→ **Data for analysis**:
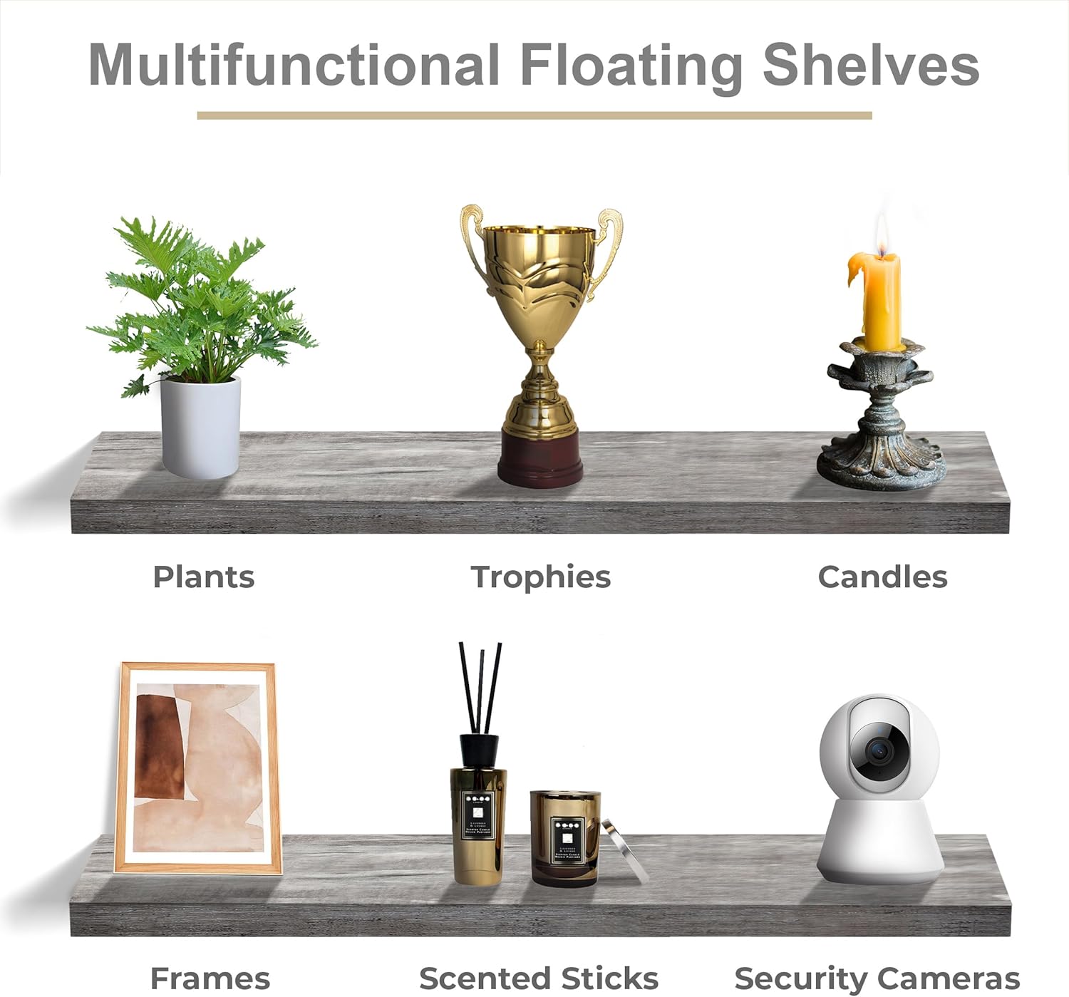 - Versatile & Functional Floating Wall Shelves: Floating shelves can also be used to hold beauty or hair products in the bathroom or bedroom. Place the wall shelves under a mirror in the entryway or exhibit family photos gallery style in a long hallway. Use as bathroom shelf, book shelf for wall, wall shelves for bedroom, above toilet shelf, kitchen shelves, shelves for room wall, floating shelves bathroom, living room wall shelf, display shelf and more
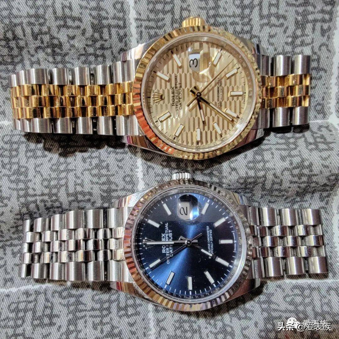 2020到2022是我买表的第二个高峰期当ROLEX间金日志的到手也意味着我腕表时期的毕业。我在2020年买了ROLEX DJ蓝盘36mm DJ(66400元) 接着买了德国NOMOS(17200),日本SEIKO 鸡尾酒绿盘(2699元)接着是由于我喜欢的人戴的是CARTIER TANK所以我也入了一块。最后那块就是我的腕表毕业款2021年瑞士巴赛尔新款格子纹面间金ROLEX 日志36MM(93500元) 谈谈我从27岁腕表以来关于以劳力士为代表的腕表品牌态度的转变。 一开端我是很厌恶劳力士这牌子的,外型老气,黑绿水鬼俗气,大金劳更是俗不可耐。劳力士的品牌的概念和1:中年油腻:2:没文:3:爆发户。我心中位置高的腕表品牌是JLC. 宝珀,宝玑,雅克德罗,VC,PP这样的.所以在购表的第一阶段买到了瑞士老的四大机芯消费厂牌真力时,当时是窃以为戴她就是小众高雅有品位卓尔不群。1980年出生的我属猴似乎是庚申金猴。时过境迁岁数渐大,我越来越喜欢劳力士。买手表牌子牌子还是牌子。劳力士就是世界钟表界的首相,功高盖主,呼风唤雨。2020年买了蓝盘日志为啥还要买间金的呢。由于既然都劳力士了还要什么低调?金子钻石都上来吧。再说劳力士专业为劳动人民制表,为了耐操,防水,抗磁还做密底的。
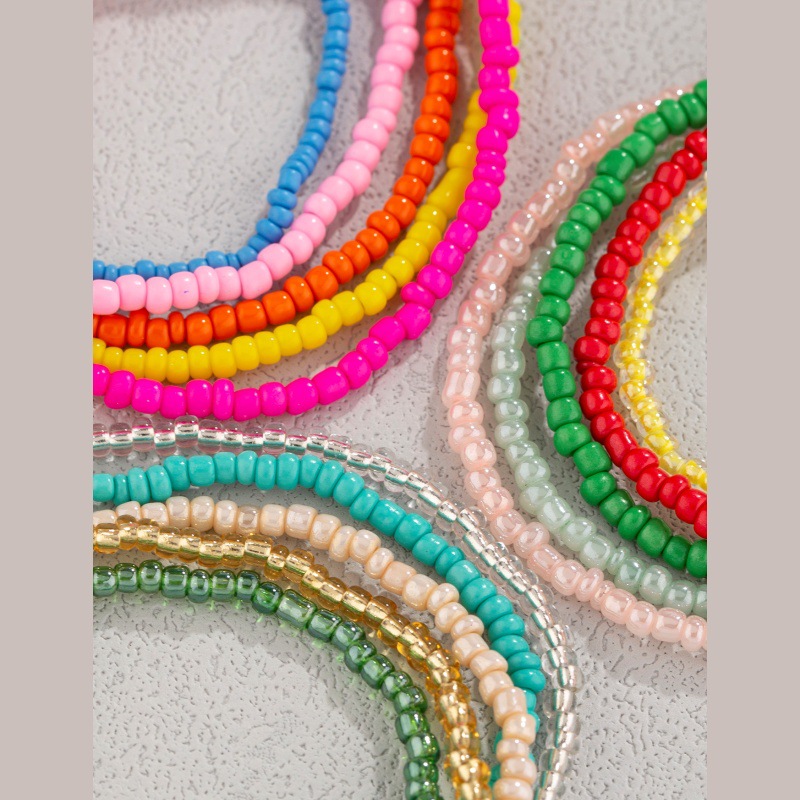 亚马逊热卖波西米亚风彩虹米珠多层手链简约百搭彩色米珠弹力手串 投诉
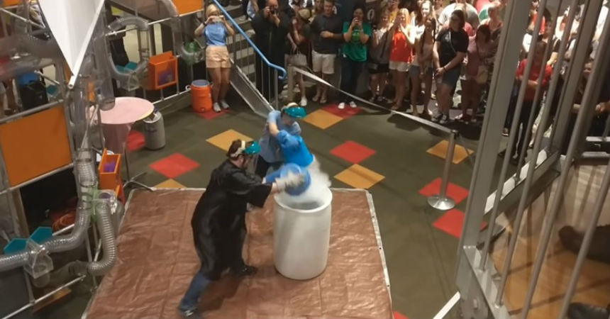 Había un numeroso grupo de visitantes alrededor de las dos personas que estaban a cargo de la exhibición, en que los encargados del espectáculo debían verter agua caliente en un recipiente lleno de nitrógeno líquido y observar la reacción. Fue cuando se mezclaron ambos componentes, que se produjo la peligrosa explosión.
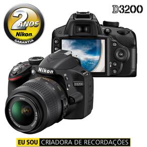 Não deixe que a simplicidade de uso e o tamanho compacto da D3200 te engane — dentro desta avançada HD-SLR estão diversos recursos de última geração da Nikon: um sensor CMOS de 24.2 MP em formato DX para fotografias e vídeos deslumbrantes sob qualquer iluminação, processamento de imagem EXPEED 3 para rápida operação e efeitos criativos na própria câmera, gravação de vídeos em Full HD (1080p) com apenas um toque, Modo Guia inovador para instruções em câmera e muito mais.
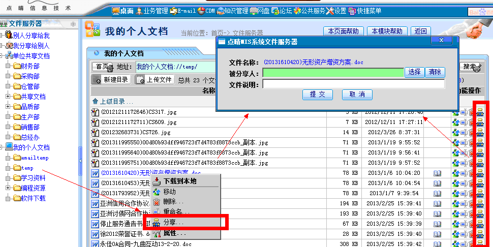 还有另外一个方法,安装点晴MIS系统的PC客户端:点晴MIS信息通,可以快速的完成网盘文件的相关管理:
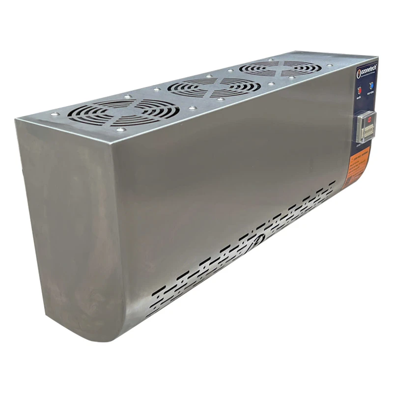 • Chạy chu kỳ ngắt quãng công suất thấp ngoài giờ cao điểm; bắt buộc có cảm biến O₃ tự động cắt máy để giữ nồng độ môi trường thấp hơn ngưỡng cho phép (khuyến nghị ≤ 0,05–0,1 ppm trong khu vực có người).
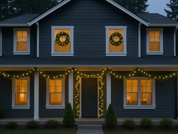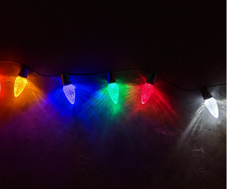 These are our standard Christmas Lights that are usually hung on the roof and walkways. We offer a variety of colors which are fully customizable (but rainbow, candy cane, and warm white are most popular)! The wires are cut for each individual home so that you don't have ugly wires hanging around, and all lights are hung 100% staple free.
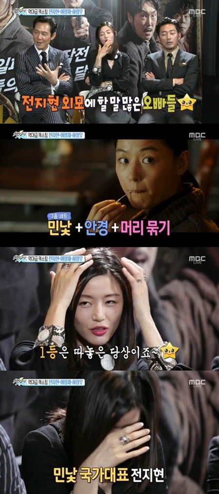 이정재는 "전지현이 영화 속에서 민낯에 안경을 쓰고 머리도 묶었지만 그래도 예뻤다. 거의 최고다"고 말했다.
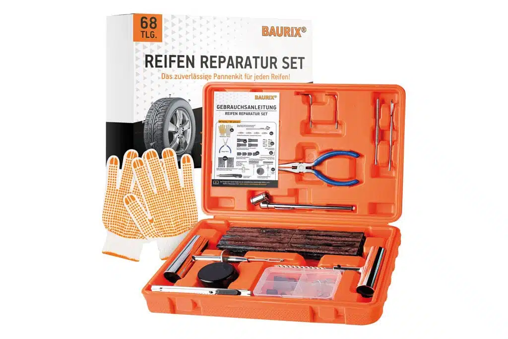 Um einen beschädigten Reifen zu reparieren, benötigt man ein Reparaturset. Das Set sollte zugelassen und mit allen benötigten Teilen ausgestattet sein.
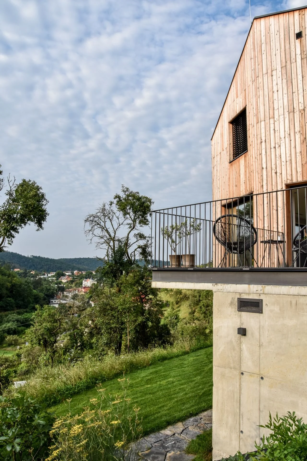 Na sedmi ocelových sloupech se nad svahem skví drobná prizmatická hmota dřevem obloženého domu. Díky citlivému vsazení do terénu užívá vyhlídky do údolí, přičemž při pohledu z ulice nijak nevyčnívá.
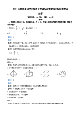 精品解析:广西柳州市2021年中考数学真题试卷(解析版).doc
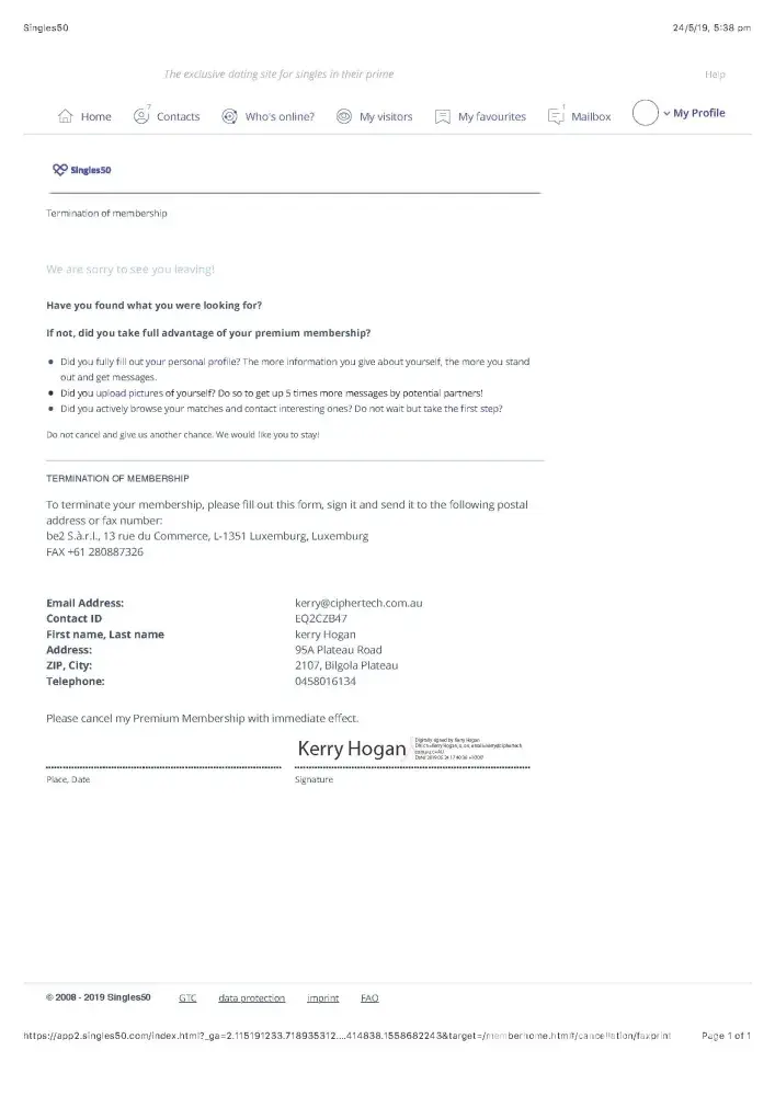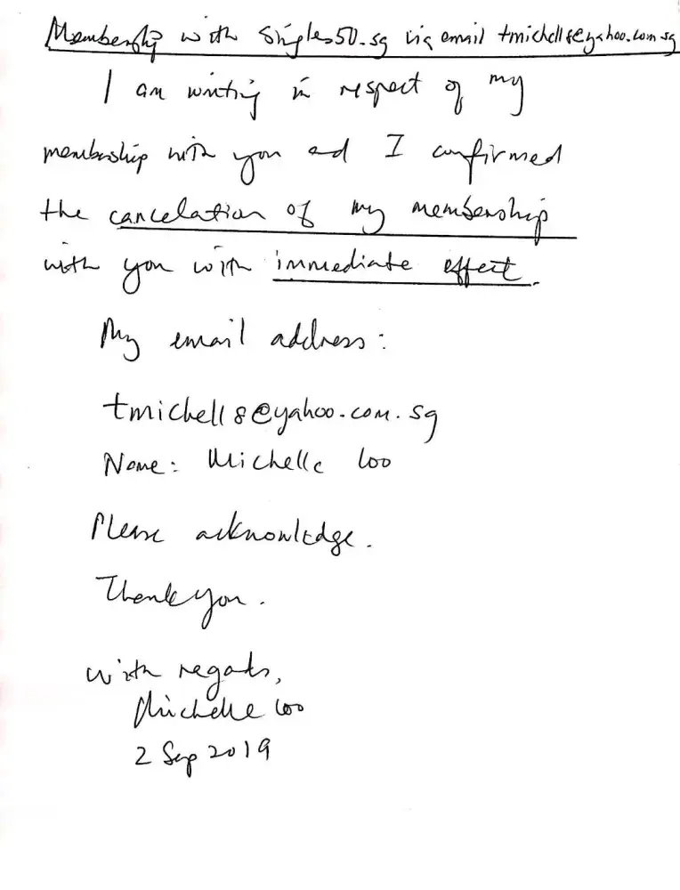 I had sent you a pix jpg file as i was advised that i cd cancel my membership via this method as shown (refer email by singles50 customer service dtd 22/5/19 see below) :

→ **What this task involves**:
From the line containing "还有另外一个方法,安装点晴M" down to the last line of the data above, transcribe exactly those lines and no others; omit the pictures.

→ **Response**:
 还有另外一个方法,安装点晴MIS系统的PC客户端:点晴MIS信息通,可以快速的完成网盘文件的相关管理:
 • Chạy chu kỳ ngắt quãng công suất thấp ngoài giờ cao điểm; bắt buộc có cảm biến O₃ tự động cắt máy để giữ nồng độ môi trường thấp hơn ngưỡng cho phép (khuyến nghị ≤ 0,05–0,1 ppm trong khu vực có người).
 These are our standard Christmas Lights that are usually hung on the roof and walkways. We offer a variety of colors which are fully customizable (but rainbow, candy cane, and warm white are most popular)! The wires are cut for each individual home so that you don't have ugly wires hanging around, and all lights are hung 100% staple free.
 이정재는 "전지현이 영화 속에서 민낯에 안경을 쓰고 머리도 묶었지만 그래도 예뻤다. 거의 최고다"고 말했다.
 Um einen beschädigten Reifen zu reparieren, benötigt man ein Reparaturset. Das Set sollte zugelassen und mit allen benötigten Teilen ausgestattet sein.
 Na sedmi ocelových sloupech se nad svahem skví drobná prizmatická hmota dřevem obloženého domu. Díky citlivému vsazení do terénu užívá vyhlídky do údolí, přičemž při pohledu z ulice nijak nevyčnívá.
 精品解析:广西柳州市2021年中考数学真题试卷(解析版).doc
 I had sent you a pix jpg file as i was advised that i cd cancel my membership via this method as shown (refer email by singles50 customer service dtd 22/5/19 see below) :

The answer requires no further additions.